WHAT THE EXERCISE ASKS ->
Copy nothing but the lines running from the one containing "角地 東 間口6.91m" through the end of the listing below. Drop the pictures.

-- MATERIAL PROVIDED follows --

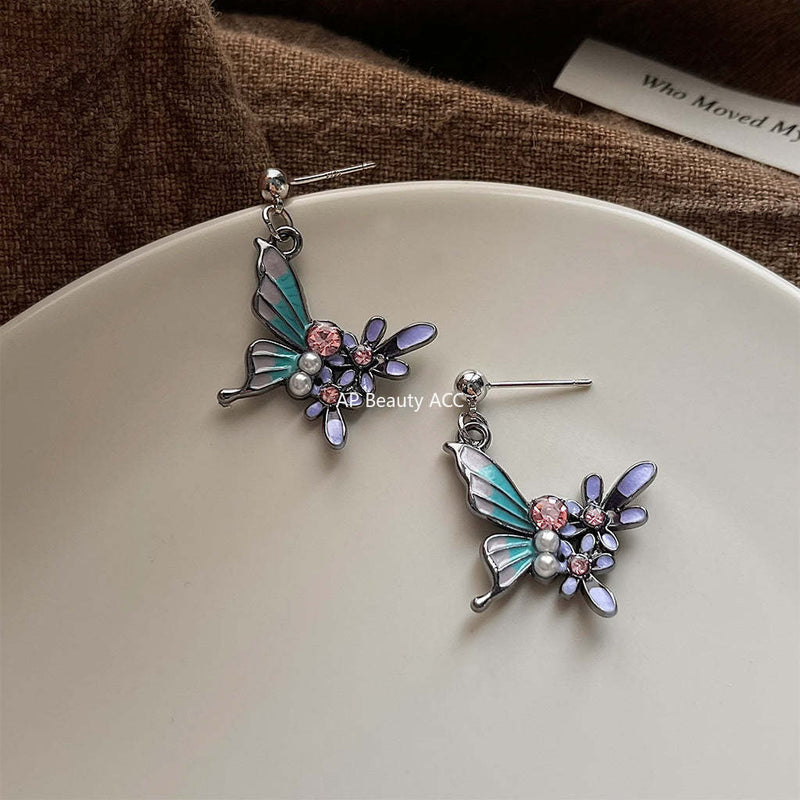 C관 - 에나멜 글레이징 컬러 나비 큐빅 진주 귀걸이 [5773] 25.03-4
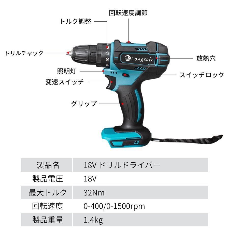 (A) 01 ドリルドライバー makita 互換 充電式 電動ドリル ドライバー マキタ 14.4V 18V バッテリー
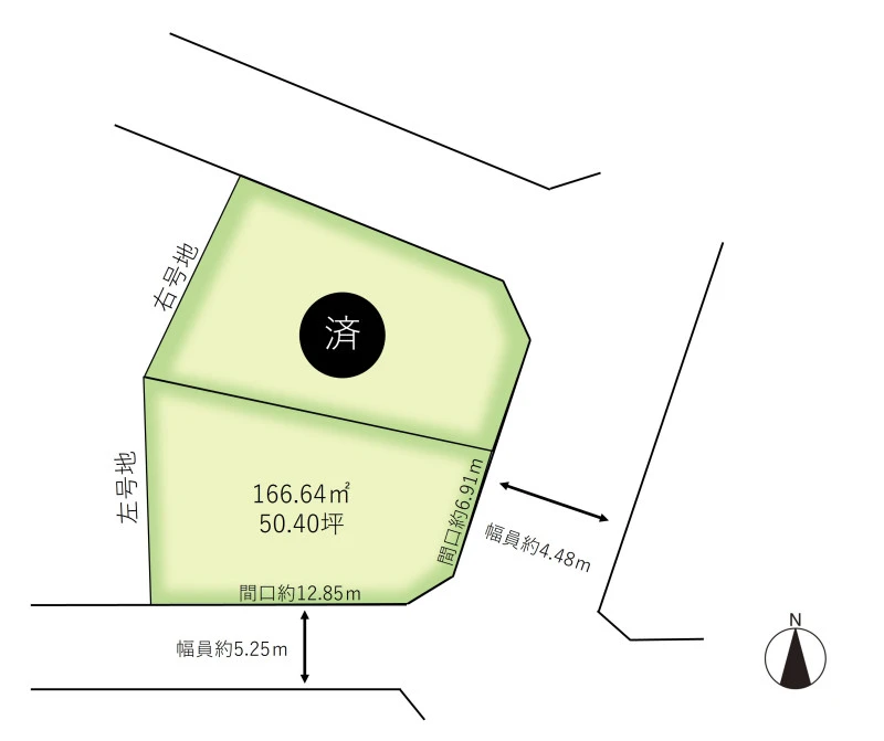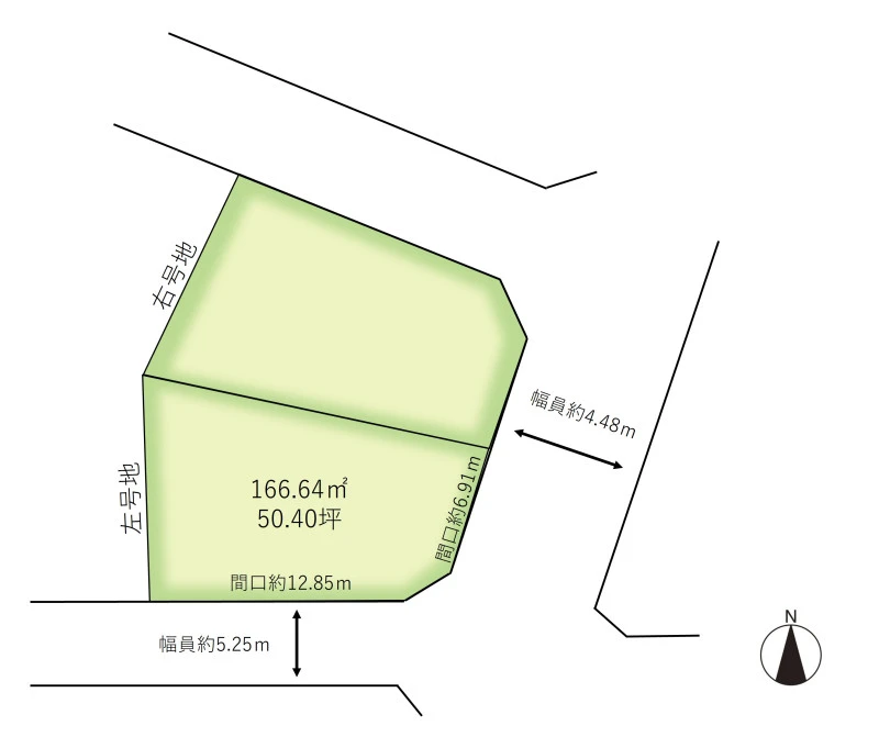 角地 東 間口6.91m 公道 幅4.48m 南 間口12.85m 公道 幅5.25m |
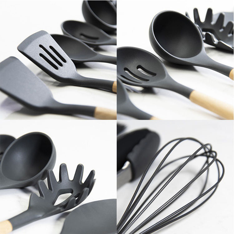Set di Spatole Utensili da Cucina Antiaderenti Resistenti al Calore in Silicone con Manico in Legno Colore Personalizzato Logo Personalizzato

-- MATERIAL PROVIDED concluded --

WRITTEN RESPONSE ->
 角地 東 間口6.91m 公道 幅4.48m 南 間口12.85m 公道 幅5.25m |
Set di Spatole Utensili da Cucina Antiaderenti Resistenti al Calore in Silicone con Manico in Legno Colore Personalizzato Logo Personalizzato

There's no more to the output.